Die Einwohnerinnen und Einwohner des idyllisch gelegenen Gemündener Ortsteils Schaippach durften sich in den letzten Monaten an einer neuen Attraktion erfreuen. An der vorbeifließenden Sinn, genauer gesagt an der historischen Sinnbrücke, wurde seit August ein Wassererlebnis geschaffen, bei dem nicht einmal die Münchener Eisbachwelle mithalten kann: zwei künstlich angelegte Gezeitenbecken!
Wäre das im Binnenstaat Bayern nicht schon Alleinstellungsmerkmal genug, beinhaltet die Kunstinstallation darüber hinaus eine raffinierte kulturhistorische Dimension. In einer Verneigung an John Cages musikalisches Langzeitexperiment ORGAN²/ASLSP wechselten sich Ebbe und Flut in den beiden "temporäre Arbeitsebene" genannten Becken rechts und links der Sinnbrücke nämlich nicht innerhalb weniger Stunden ab, sondern über den Zeitraum mehrerer Monate.

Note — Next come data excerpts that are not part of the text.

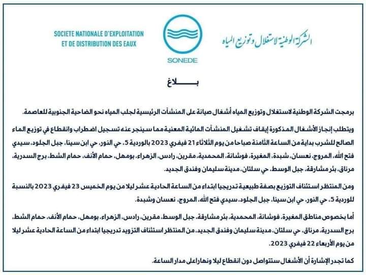 La reprise de l’approvisionnement sera progressivement, à partir de jeudi 23 février 2023 à 23h à El Wardia 5, Cité Ennour, Cité Ibn Sina, Djebel Jloud, Sidi Fathallah, El Mourouj, Nâassane et Chbedda, a noté la SONEDE dans son communiqué.
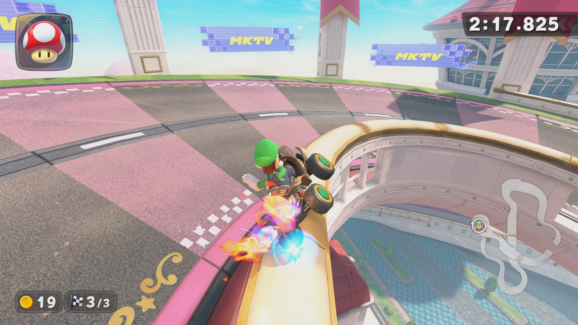 Kurios wirkt das neue Rewind-Feature im Solo-Modus. Während der eigene Kart zurückgesetzt wird, fahren die Gegner unbeirrt weiter — sinnvoll allenfalls zum Üben im Freien Fahren.
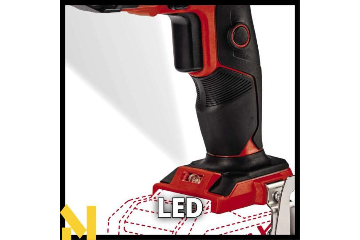Робота з низьким рівнем стомлюваності забезпечується обраним налаштуванням безперервної роботи. Світлодіодне підсвічування освітлює робочу зону. Для точного налаштування глибини є регульований обмежувач глибини. Біти можна змінювати швидко і інтуїтивно завдяки магнітному тримачу біт. Завдяки ергономічному дизайну, прогумованій м'якій рукоятці інструмент зручно лежить в руці, дозволяючи працювати легко, не відчуваючи втоми.
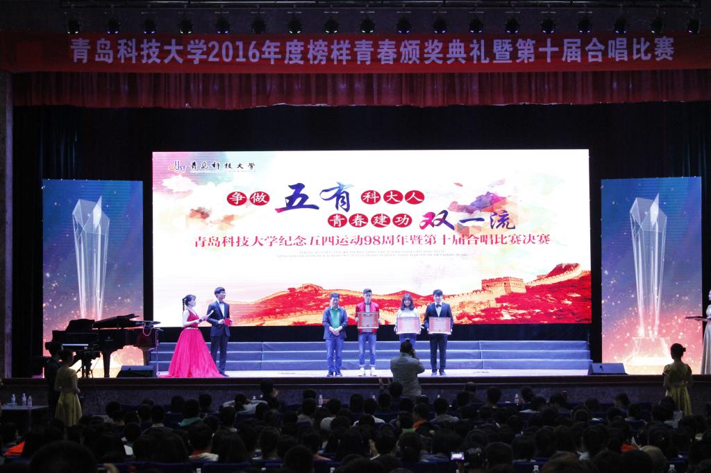 为纪念五四运动98周年,弘扬五四精神,展现在校学生昂扬向上的精神面貌,5月2日晚9001jcc金沙以诚为本2016年度榜样青春颁奖典礼暨第十届合唱比赛于四方校区西礼堂成功举行。
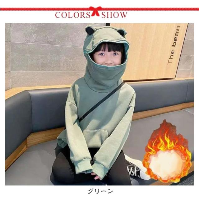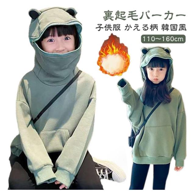 パーカー キッズ 男の子 女の子 裏起毛パーカー カエル 子供服 プルオーバー トップス 長袖 フード付き 蛙 かえる かわいい トレーナー 秋冬 韓国 アウター ゆったり スウェット 通学 通園 110 120 130 140 150 160cm 送料無料

Begonnen hat das Spektakel im August, indem mithilfe großer, mit Schotter gefüllter Plastiksäcke die beiden Gezeitenbecken provisorisch trockengelegt und damit die erste Ebbe simuliert worden war. Nachdem sich die Stauvorrichtung im Laufe der folgenden Monate planmäßig aufgelöst hatte, wurde zum Jahreswechsel das Flutstadium erreicht und die Arbeitsebenen standen wieder komplett unter Wasser.
Gemündener Bürgermeister trotzt den Kunstbanausen
Von den Kunstbanausen, die ihr Unverständnis über den Ablauf dieses zweiten Aktes geäußert hatten, ließ sich Jürgen Lippert, Gemündens Bürgermeister und damit Produzent des Projekts, nicht beirren. Die zweite Ebbe – der geplante Höhepunkt des Dramas in drei Akten – initiierte er pünktlich für Anfang März. Dieses Mal wurden die Gezeitenbecken mithilfe einer 95.000 Euro teuren Stahlkonstruktion trockengelegt.

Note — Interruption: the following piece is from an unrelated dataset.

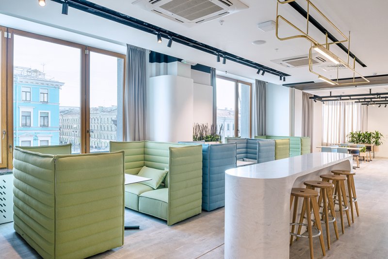 Интерьер решили построить на констрастах, чтобы соединить стилистику исторического здания и атрибуты технологичного IT-офиса. «Интересный, нехарактерный для Петербурга облик Дома Зингера определил многие из наших дизайн-ходов. В изначальных планировочных решениях угадывается прообраз современного офиса — это просторное, светлое пространство без перегородок, предназначенное для коллективной работы.
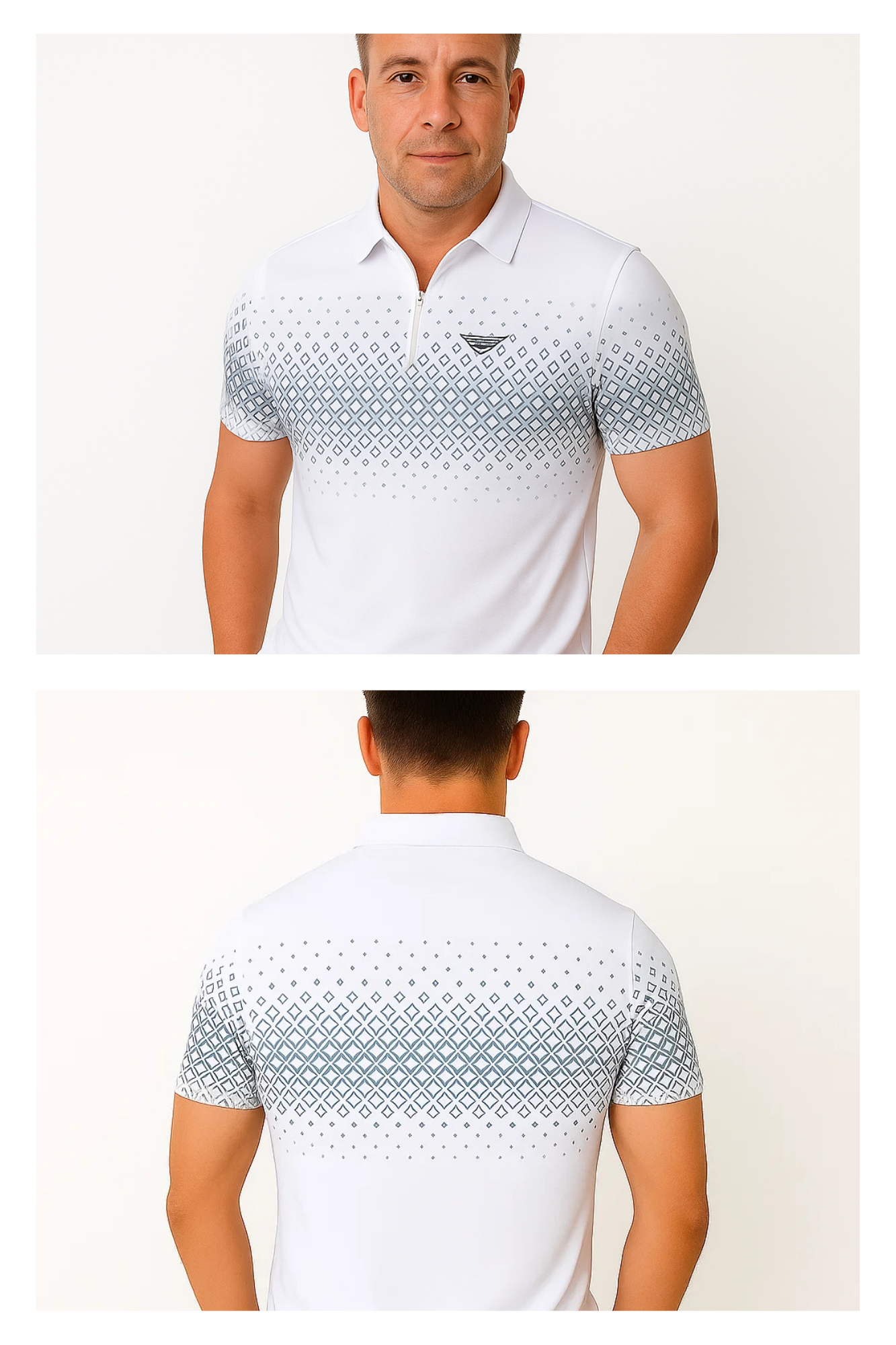 Les photos montrent le polo de face et de dos, mettant en évidence l’imprimé géométrique, la coupe ajustée et la qualité irréprochable du tissu.

Und das Ergebnis kann sich sehen lassen: Wie bei Christos "Floating Piers" könnte man über die Arbeitsebenen nun theoretisch inmitten der Sinn gelangen – würde für das fragile Kunstwerk, mit Ausnahmen für Bagger und Planierraupen, nicht ein striktes Betretungsverbot gelten. Bewundert werden kann die zweite Ebbe voraussichtlich bis zum 1. Juli. Dann sollen die Stahlwände spätestens ab- und am gegenüberliegenden Ufer wieder aufgebaut werden.

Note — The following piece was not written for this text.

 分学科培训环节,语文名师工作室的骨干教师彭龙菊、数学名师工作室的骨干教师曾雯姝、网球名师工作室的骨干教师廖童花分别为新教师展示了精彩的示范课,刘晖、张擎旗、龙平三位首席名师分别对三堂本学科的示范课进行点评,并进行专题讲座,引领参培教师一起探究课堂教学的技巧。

Flussabwärts lockt eine weitere neue Tourismusattraktion

Wem diese Kumulation der Hochkultur noch nicht genug ist, muss sich im Anschluss an seinen Besuch in Schaippach nur auf sein Eisbachwellensurfbrett legen und von der Sinn vier Kilometer bis zu ihrem Zufluss in den Main treiben lassen. Von dort ist es nur ein Katzensprung zu einer anderen neuen Gemündener Tourismusattraktion: dem janusköpfigen Auto-Wrack.
Der dunkelblaue Audi ist in seinen hinteren zwei Dritteln kaum von einem herkömmlichen Fahrzeug zu unterscheiden. Den Motorraum hat ein unbekannter Performancekünstler jedoch bis hinunter auf sein Innenleben dekonstruiert. Ein atemberaubendes Beispiel kathartischer Kunstauslebung – oder handelt es sich dabei vielleicht nur um das Gesellenstück eines der Arbeiter, die in der nahegelegenen Ladestraße den ehemaligen Getränkemarkt Weimann zerlegen? Kunst oder nicht, wer den Janus-Audi noch auf dem Mainlände-Parkplatz besichtigen möchte, sollte sich sputen. Das Ordnungsamt hat bereits Interesse angemeldet, wird das Wrack aber aller Voraussicht nach nicht ins örtliche Museum transportieren.